Data records ->
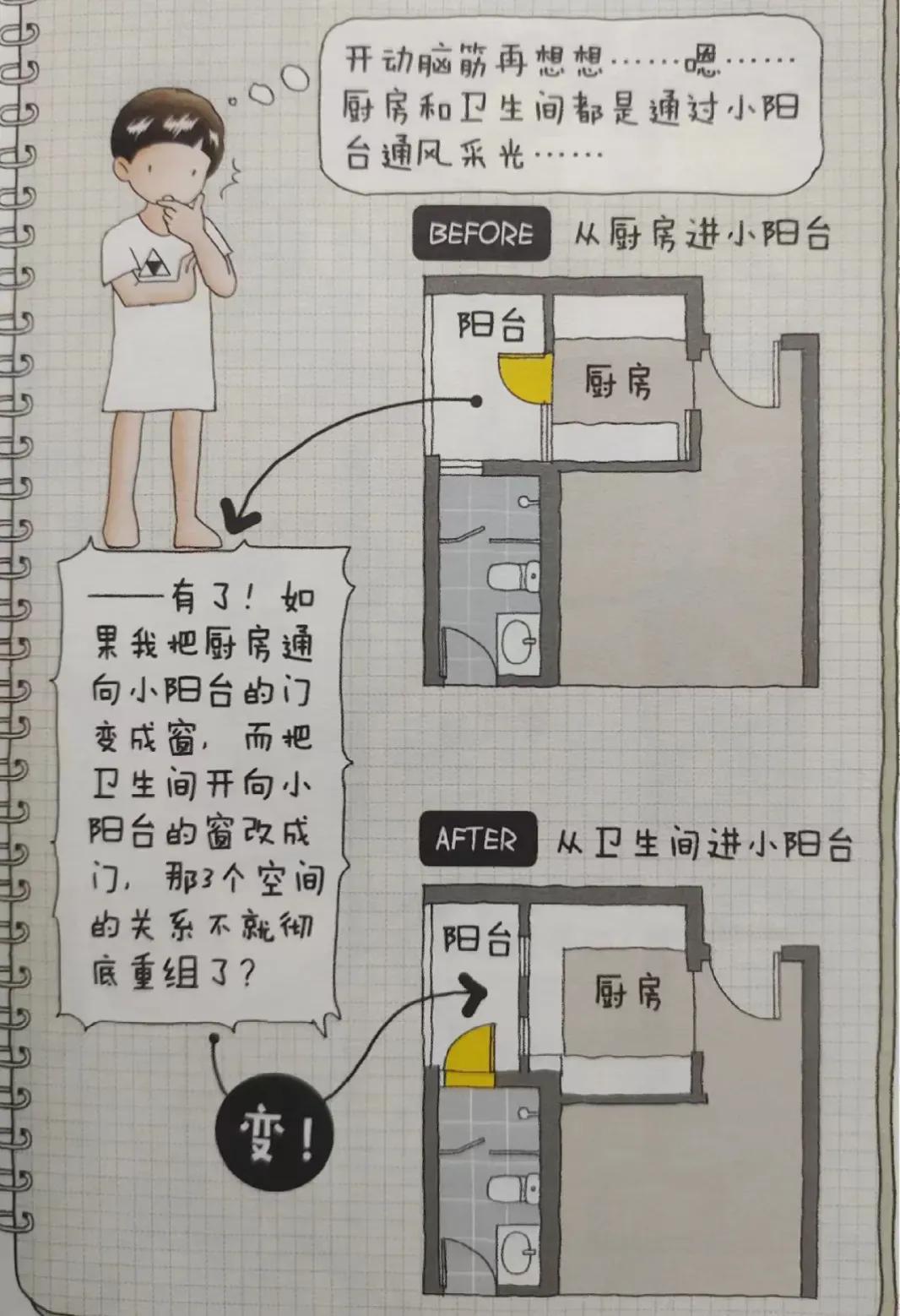 如果你家廚房陽臺恰好又與衛生間相連,那就更容易改造了。可以學習逯薇老師的方案,把這個小陽臺和衛生間打通,直接從衛生間進入陽臺晾曬,避免穿過廚房,是更合理省力的動線。
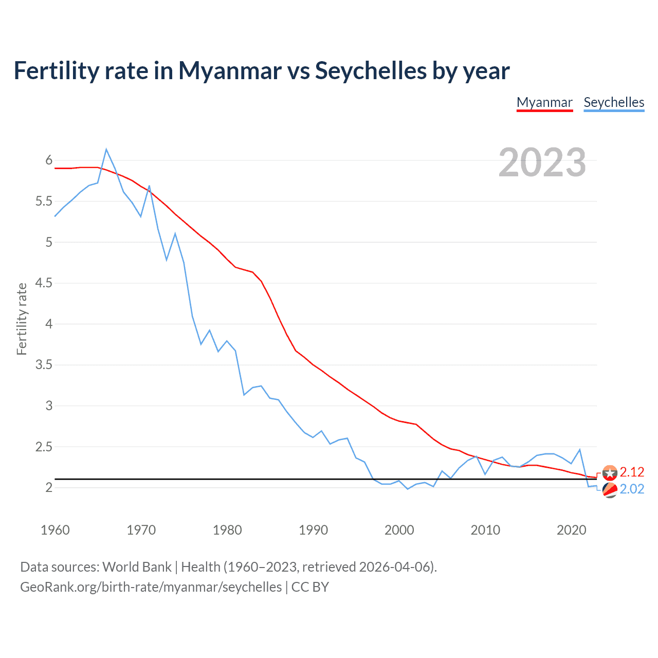 According to the latest available data on birth rates, the fertility rate in Myanmar was 2.12 children per woman in 2023, compared to 2.02 in the Seychelles in 2023. The replacement level is considered to be 2.1 children per woman.
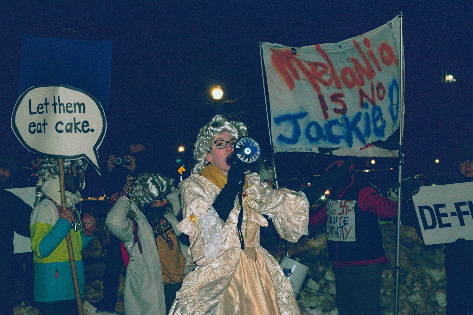Gathered around a cardboard three-tier cake and raising plastic champagne glasses, they cheered and rang bells as an organizer blared into a megaphone: “When loan forgiveness is cut, when crop prices soar and people have to choose between rent and medications and food, our dear queen Melania says 'Let them eat cake.'”
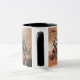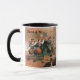 White and black 11 oz. ringer combo mug with an image, on both sides, of a vintage painting titled “Spirit of ‘76” (1891 version) by Archibald Willard.
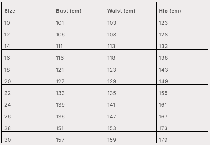 Size range: US women’s size 10-30.
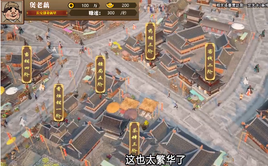 鳞次栉比的屋宇经营着各行各业:医馆、钱庄、香店.....玩家可跟据自己的商业嗅觉和主线任务,解锁各个行业和商铺。招伙计,纳贤才,精心打理,让你的街区更繁荣。
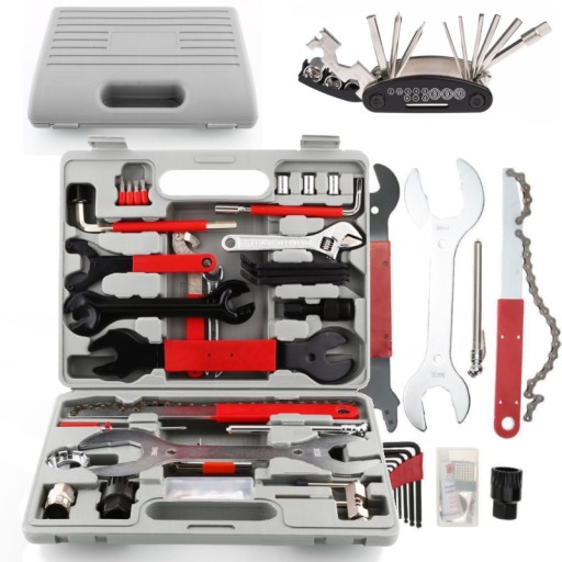 WYSOKA JAKOŚĆ - Wysokiej jakości zestaw narzędzi do kompletnego serwisu roweru 44 elementy sztuki w wygodnej walizce.
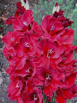 Гладиолус Центаурус. Тёмно-вишнёвый с белой стрелкой. Цветки размером более 14 см, гофрированные. Срок цветения средне-поздний. Стройный высокий гладиолус. Данный гладиолус шедевр чешской секции. Мощный, бархатный с крупными цветами, плотной укладкой колоса.
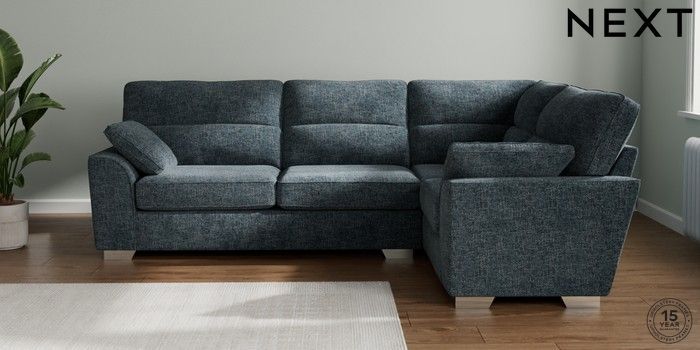 7.2.10 Buy Stamford Highback Large Corner Sofa - Right Hand Chunky Chenille Dark Navy Blue Large Square Angle - Chrome Metal from the Next UK online shop Click here to use our accessible website
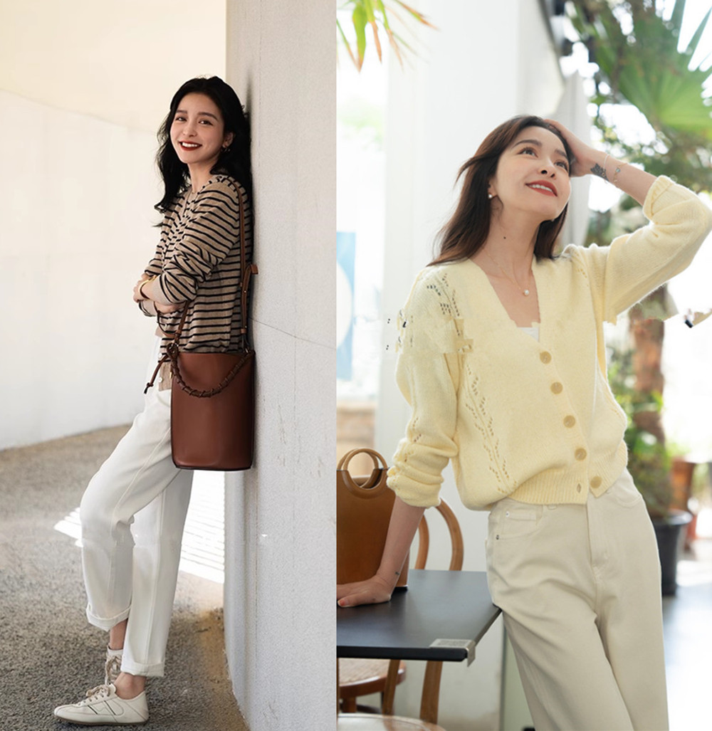你知道么?现在满大街的时髦精,都喜欢用复古开衫+高腰裤的组合方式,将女性的柔美、与春日的温暖完美融合。

Brief ->
Extract all the data above exactly, excluding every picture.

Solution for this exercise ->
 如果你家廚房陽臺恰好又與衛生間相連,那就更容易改造了。可以學習逯薇老師的方案,把這個小陽臺和衛生間打通,直接從衛生間進入陽臺晾曬,避免穿過廚房,是更合理省力的動線。
 According to the latest available data on birth rates, the fertility rate in Myanmar was 2.12 children per woman in 2023, compared to 2.02 in the Seychelles in 2023. The replacement level is considered to be 2.1 children per woman.
Gathered around a cardboard three-tier cake and raising plastic champagne glasses, they cheered and rang bells as an organizer blared into a megaphone: “When loan forgiveness is cut, when crop prices soar and people have to choose between rent and medications and food, our dear queen Melania says 'Let them eat cake.'”
 White and black 11 oz. ringer combo mug with an image, on both sides, of a vintage painting titled “Spirit of ‘76” (1891 version) by Archibald Willard.
 Size range: US women’s size 10-30.
 鳞次栉比的屋宇经营着各行各业:医馆、钱庄、香店.....玩家可跟据自己的商业嗅觉和主线任务,解锁各个行业和商铺。招伙计,纳贤才,精心打理,让你的街区更繁荣。
 WYSOKA JAKOŚĆ - Wysokiej jakości zestaw narzędzi do kompletnego serwisu roweru 44 elementy sztuki w wygodnej walizce.
 Гладиолус Центаурус. Тёмно-вишнёвый с белой стрелкой. Цветки размером более 14 см, гофрированные. Срок цветения средне-поздний. Стройный высокий гладиолус. Данный гладиолус шедевр чешской секции. Мощный, бархатный с крупными цветами, плотной укладкой колоса.
 7.2.10 Buy Stamford Highback Large Corner Sofa - Right Hand Chunky Chenille Dark Navy Blue Large Square Angle - Chrome Metal from the Next UK online shop Click here to use our accessible website
你知道么?现在满大街的时髦精,都喜欢用复古开衫+高腰裤的组合方式,将女性的柔美、与春日的温暖完美融合。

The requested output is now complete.